**DATASET ENTRIES**.
■ ■ ■ ■ ■ ■ ■
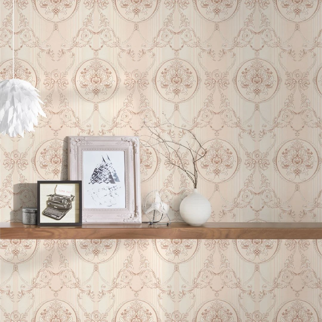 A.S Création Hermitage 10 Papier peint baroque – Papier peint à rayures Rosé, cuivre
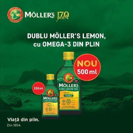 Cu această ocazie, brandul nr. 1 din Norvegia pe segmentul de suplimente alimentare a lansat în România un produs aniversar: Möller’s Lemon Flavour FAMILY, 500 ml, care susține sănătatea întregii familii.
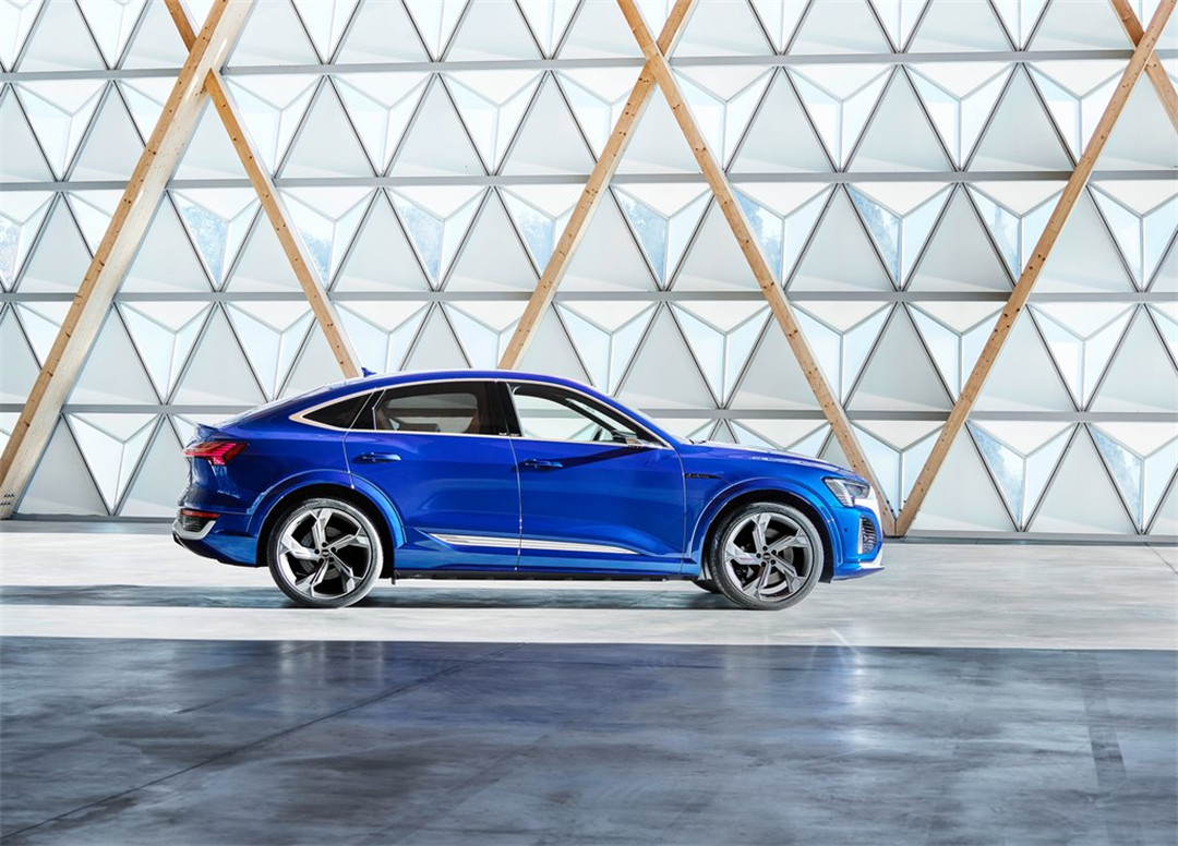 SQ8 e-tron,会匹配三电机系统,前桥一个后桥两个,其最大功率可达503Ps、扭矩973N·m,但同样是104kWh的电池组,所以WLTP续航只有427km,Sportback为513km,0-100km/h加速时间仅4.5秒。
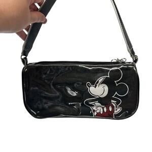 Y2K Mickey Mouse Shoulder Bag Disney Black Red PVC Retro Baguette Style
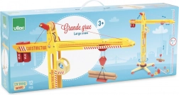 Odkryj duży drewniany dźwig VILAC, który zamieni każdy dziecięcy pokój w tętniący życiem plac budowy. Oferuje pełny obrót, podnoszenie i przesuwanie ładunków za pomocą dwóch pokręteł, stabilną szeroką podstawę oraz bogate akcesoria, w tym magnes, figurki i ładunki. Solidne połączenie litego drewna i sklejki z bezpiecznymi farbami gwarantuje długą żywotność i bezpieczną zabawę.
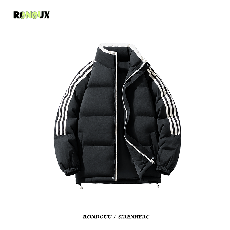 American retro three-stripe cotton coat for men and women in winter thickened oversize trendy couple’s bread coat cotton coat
■ ■ ■ ■ ■ ■ ■
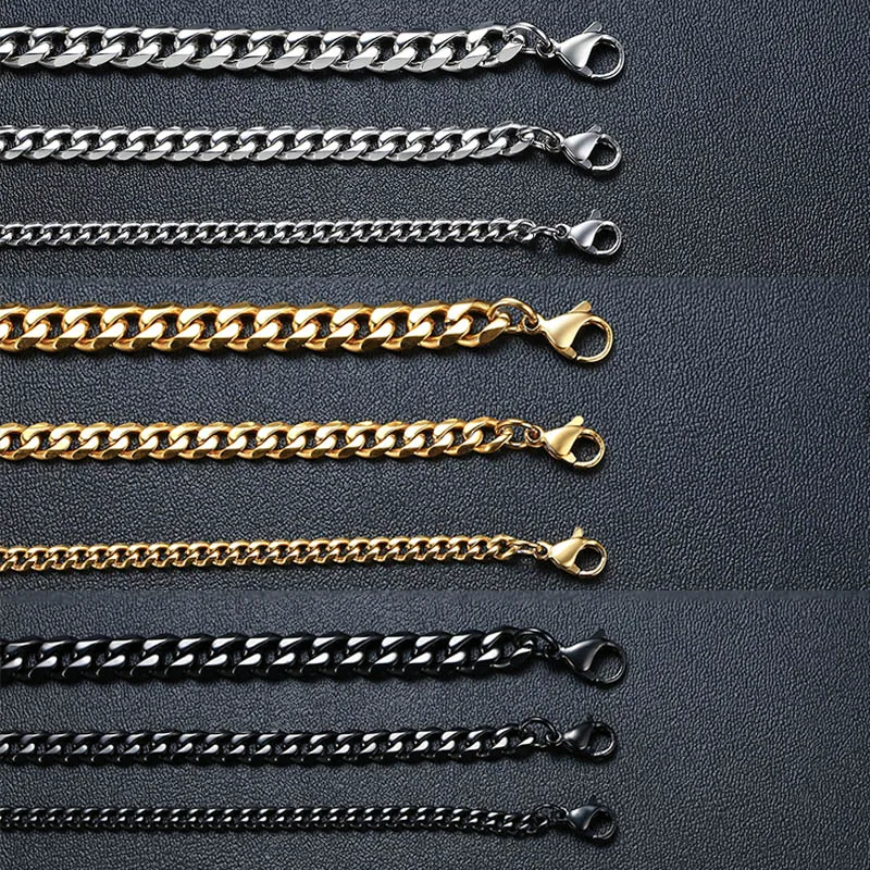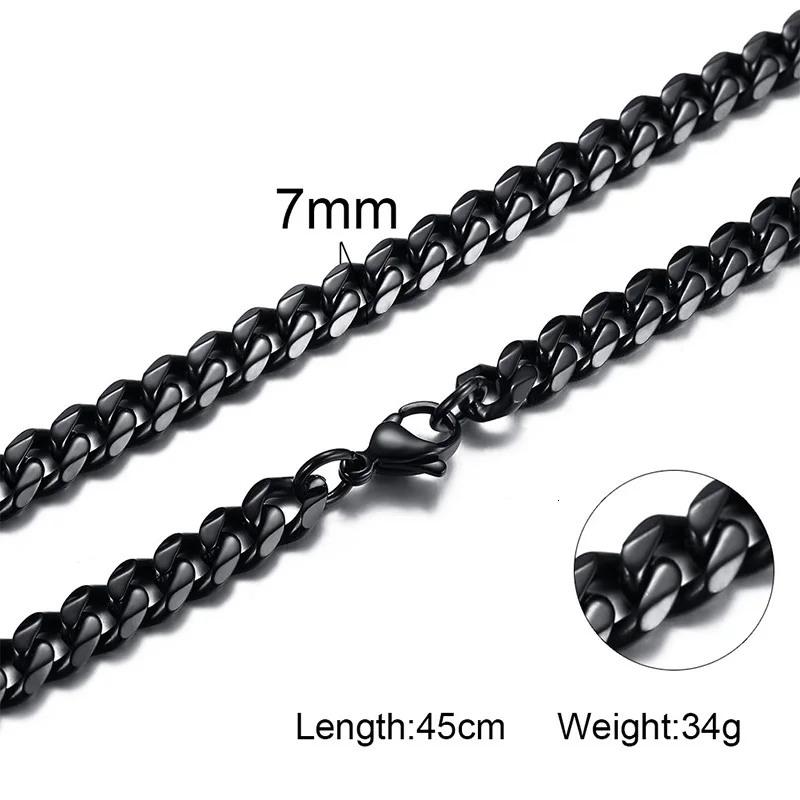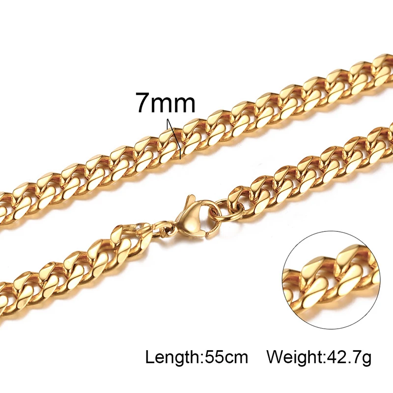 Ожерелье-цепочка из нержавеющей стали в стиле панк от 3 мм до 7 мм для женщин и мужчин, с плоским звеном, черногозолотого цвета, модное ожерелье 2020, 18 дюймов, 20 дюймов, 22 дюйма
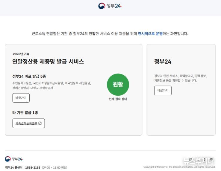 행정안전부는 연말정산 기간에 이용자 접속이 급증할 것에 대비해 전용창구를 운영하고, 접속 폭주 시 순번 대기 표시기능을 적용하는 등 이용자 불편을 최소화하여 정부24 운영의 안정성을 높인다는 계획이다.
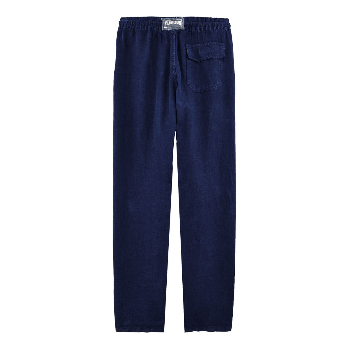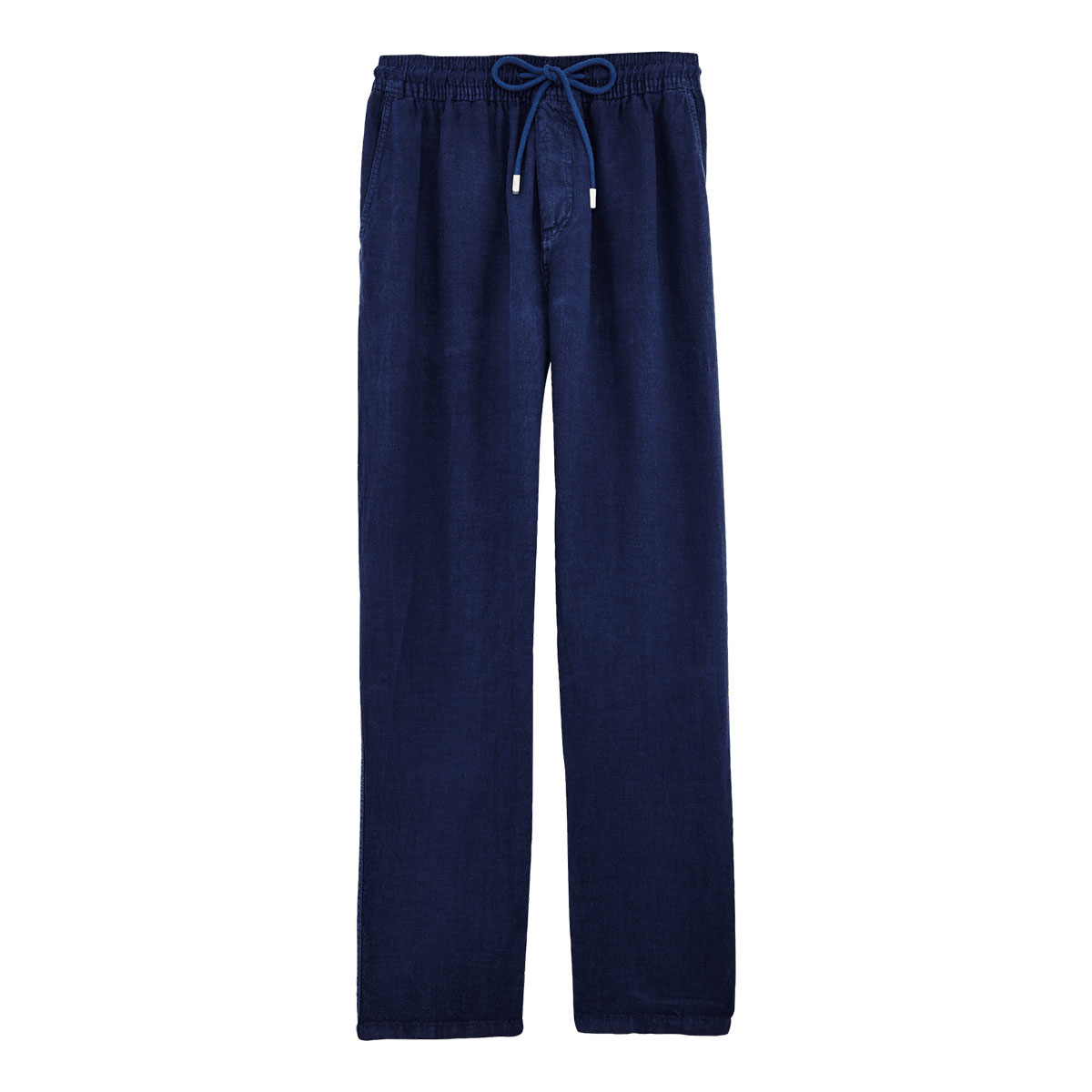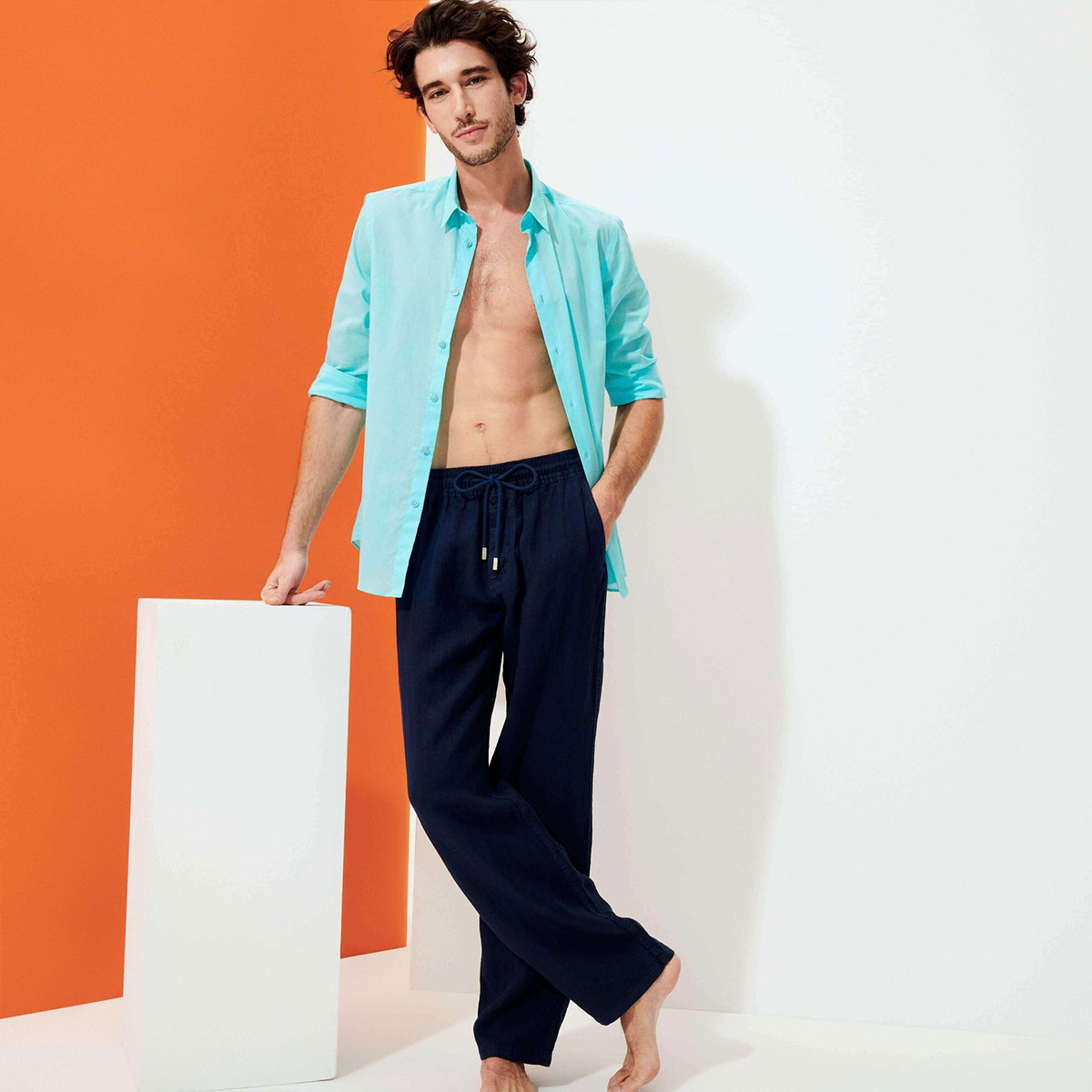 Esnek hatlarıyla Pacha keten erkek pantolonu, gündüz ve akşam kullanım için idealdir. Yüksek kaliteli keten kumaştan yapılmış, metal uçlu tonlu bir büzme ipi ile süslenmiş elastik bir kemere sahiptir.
■ ■ ■ ■ ■ ■ ■
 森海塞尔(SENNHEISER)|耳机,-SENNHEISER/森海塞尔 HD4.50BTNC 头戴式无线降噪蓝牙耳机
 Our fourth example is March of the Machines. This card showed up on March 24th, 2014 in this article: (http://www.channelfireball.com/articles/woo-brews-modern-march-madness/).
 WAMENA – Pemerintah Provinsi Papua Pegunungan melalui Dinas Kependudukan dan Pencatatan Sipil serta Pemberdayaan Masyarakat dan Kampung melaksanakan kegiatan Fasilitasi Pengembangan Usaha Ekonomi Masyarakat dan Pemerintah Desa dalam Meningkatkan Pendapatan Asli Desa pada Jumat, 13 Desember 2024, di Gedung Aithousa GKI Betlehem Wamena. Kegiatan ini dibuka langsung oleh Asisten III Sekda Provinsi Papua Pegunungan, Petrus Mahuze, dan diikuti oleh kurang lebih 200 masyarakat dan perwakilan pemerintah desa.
■ ■ ■ ■ ■ ■ ■
**PROBLEM TO WORK ON**. Extract the part of the records that opens with the line containing "Ожерелье-цепочка из нержавеющей" and closes with the line containing "행정안전부는 연말정산 기간에". Take only those lines, exactly, and no pictures.

**RESPONSE AREA**.
 Ожерелье-цепочка из нержавеющей стали в стиле панк от 3 мм до 7 мм для женщин и мужчин, с плоским звеном, черногозолотого цвета, модное ожерелье 2020, 18 дюймов, 20 дюймов, 22 дюйма
 행정안전부는 연말정산 기간에 이용자 접속이 급증할 것에 대비해 전용창구를 운영하고, 접속 폭주 시 순번 대기 표시기능을 적용하는 등 이용자 불편을 최소화하여 정부24 운영의 안정성을 높인다는 계획이다.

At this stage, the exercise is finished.